Here is the data that I have:
- I used MISO software to find alternatively spliced isoforms in iPSC-differentiated dopaminergic (DA) and cortical neurons at various stages (iPS, day10, d20, ...). The output includes values like Percent Spliced In (PSI), bayes factors, comparisons between genes of different day stages as well as between cortical and DA neurons of the same day. I focused on an SNP on a gene to see if the SNP was creating an extra isoform (I ended up finding 1 read of this isoform). I also looked at the abundance of all the isoforms of the gene.The iPS cell lines I used, though, were just general DA and cortical neurons, and didn't specifically have the risk allele of the SNP edited in.
- I then used HOMER software to produce some genome wide statistics. I was provided with a huge list of genes that are differentially expressed between stages of neuronal development, and I used my data to find the percentage of overlap between DE and AS genes at each stage.

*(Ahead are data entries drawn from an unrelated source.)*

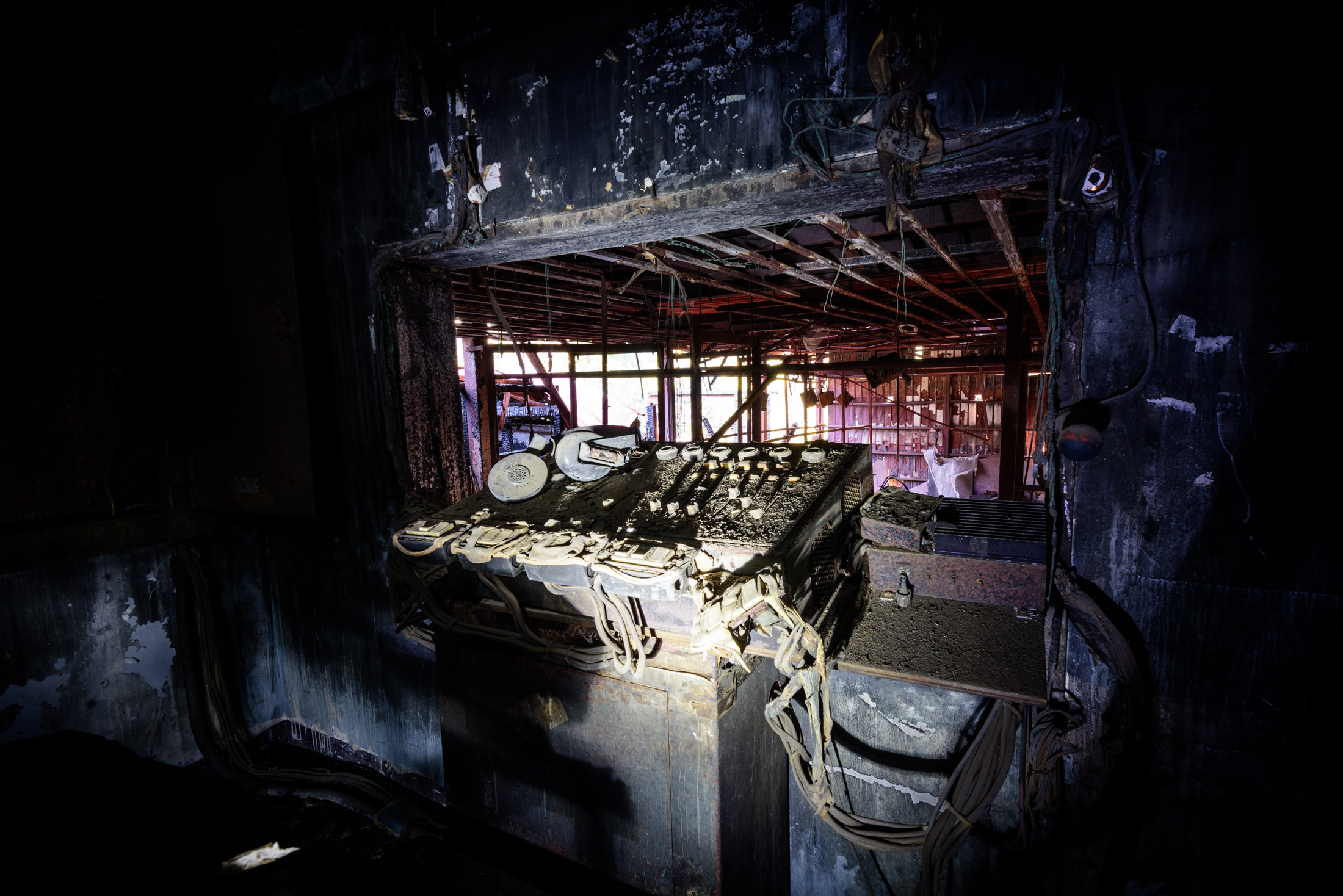 Dim, eerie interior of an abandoned strip club in Ibaraki, Japan.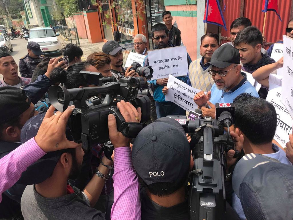 बालुवाटारभित्रको सरकारी जग्गा नेपाल कम्युनिस्ट पार्टीका महासचिव विष्णु पौडेलको छोरा नवीनको नाममा आएको देखिएको थियो । पार्टीको अभियान विभागले भ्रष्टाचारको विरोधमा देशव्यापी दबाब सिर्जना गर्ने कार्यक्रम अन्तर्गत प्रधानमन्त्री निवास बाहिर प्रदर्शन गरेको विवेकशील साझा पार्टीका प्रवक्ता सूर्यराज आचार्यले बताए ।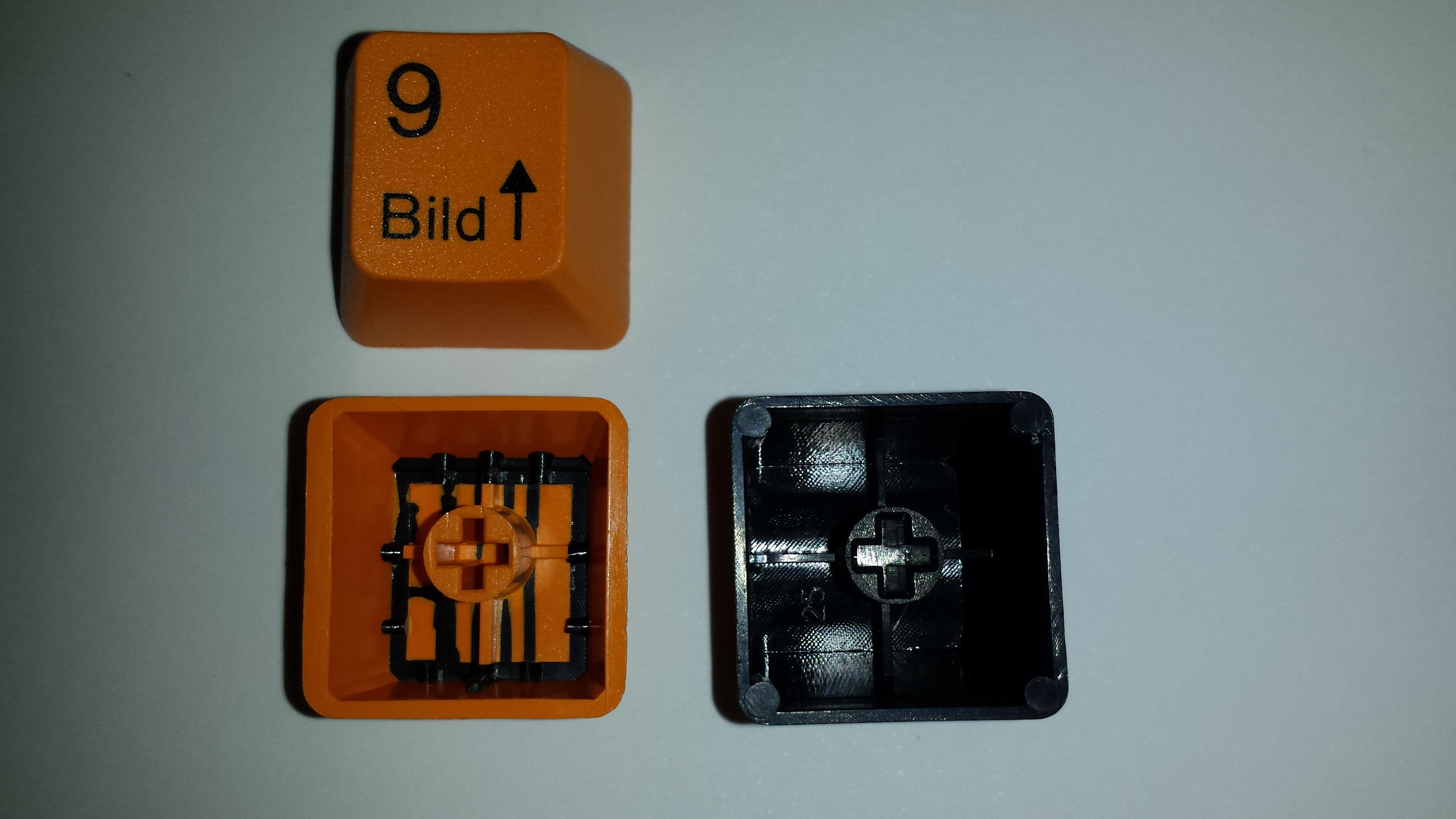 Habe ein Screnshot von zwei Caps aus den Set von Ebay gemacht, dazu im Vergleich eine "normale" ABS Tastenkappen wie sie von der Ducky Zero stammt.

Without data for iPSC-differentiated cell lines with the SNP genome-edited in, I can't write my paper on the effect of the SNP on alternative splicing in the specific gene, because I wouldn't have an experimental group. I am thinking of writing on the effect of neuron type on the SNP, since the SNP-caused isoform was more abundant in DA than cortical neurons. It seems that the cortical neuron data will need to be my control group, while the DA neurons are my experimental group (although I'm not even sure what the significance of this would be). The place that I did this internship focused on genetic brain disorders like schizophrenia that could be affected by dominergic receptors, which is why I was doing work on DA neurons. What are some ways I can make my data fit the format I need?